Dancing mad with sandboxing

Published on , 2808 words, 11 minutes to read

Kefka is a Go-native shell sandbox with coreutils, Python via WebAssembly, and more. Learn the works of madness that went into making this happen!

An image of A sea lion sleeping peacefully on a rocky beach while other sea lions lounge in the background near the water
A sea lion sleeping peacefully on a rocky beach while other sea lions lounge in the background near the water - Photo by Xe Iaso
Cadey is enby
Cadey

What is an operating system, really?

Aoi is wut
Aoi

I mean, isn't it obvious? It's something like FreeBSD or Fedora that has a kernel, userspace, graphics stack, core set of programs, and everything else you need to be able to use a computer. Is this a trick question?

Numa is smug
Numa

Well it depends, is the Nintendo Switch OS an operating system? It doesn't have a shell in the same way FreeBSD does. Is SEL4 an OS? It doesn't ship with core utilities. Is Linux an OS? Is Windows an OS?

Aoi is facepalm
Aoi

Oh gods here we go again…

The definition of an operating system gets really fuzzy when you start looking at the edges of it, but let's say that an operating system is any part of a computer system that doesn't involve pure math. When you print to the screen, render 3d graphics, connect to the internet, and write to files your code calls into the underlying system to do that work. These system calls are defined by your operating system and are exposed as functions*.

Mara is hacker
Mara

Okay they're not actually functions, but they quack enough like functions that you can treat them like functions and not have to worry about the details too much.

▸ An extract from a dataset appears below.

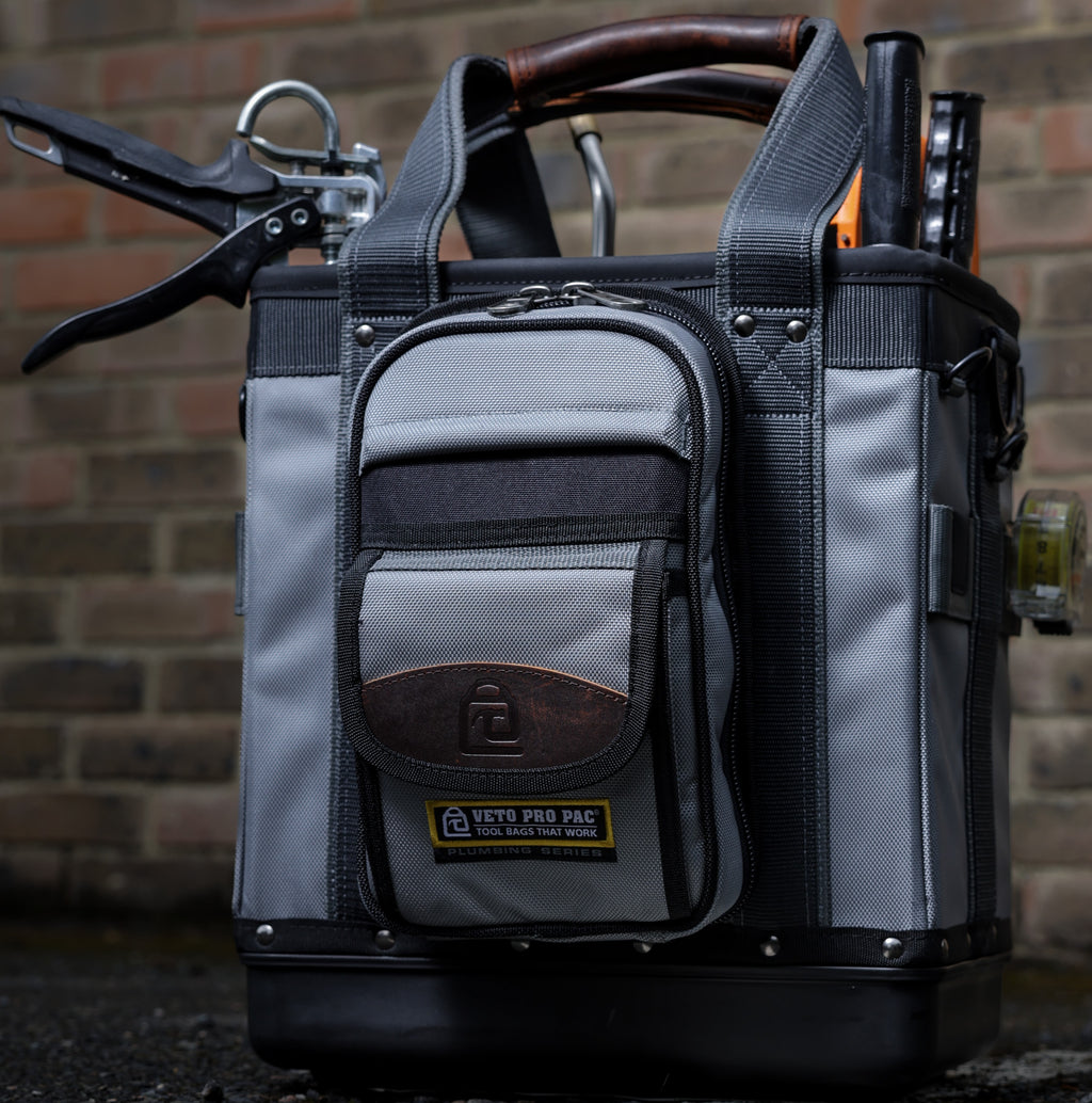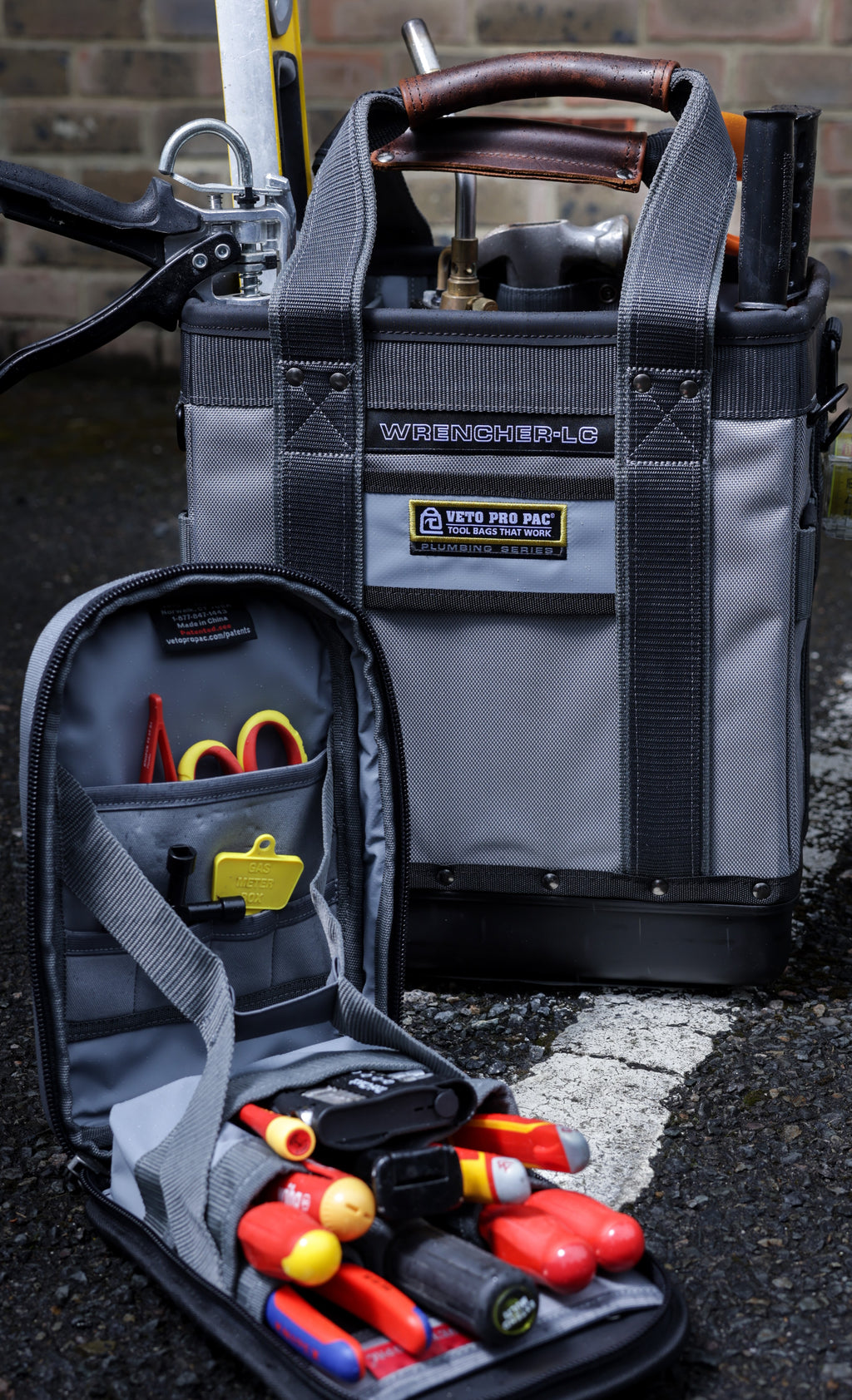 The WRENCHER-LC is the large-sized open top vertical tool storage bag. Both the WRENCHER-LC and larger WRENCHER-XL share the same vertical storage zones and zippered pouch that can removed, stuffed, and magnetically secured into a rear pants pocket or under a belt. The two V-SWAP™ panels can be removed to create additional interior volume for bulk storage or transporting power tools. All WRENCHER bags feature a water-repelling tarpaulin interior for easy clean up, and an injection molded waterproof base.

System calls are injected into each operating system process via a process kinda like how you inject dependencies into your applications for database sessions or object storage operations.

Bashing your head into the wall

A while ago a new JavaScript package got into the meme sphere at work: just-bash. It's a sandboxed environment with a shell interpreter that was originally intended for use with AI agents after its author observed that AI agents know how to use a tool called bash a lot better than a tool called search_documentation. This is backed by a "fake" shell with "fake" core utilities (cat, ls, etc, hereinafter coreutils) so that when an agent decides to rm -rf /, nothing important actually leaves the room. One of my coworkers made @tigrisdata/agent-shell on top of this that uses Tigris as its storage layer.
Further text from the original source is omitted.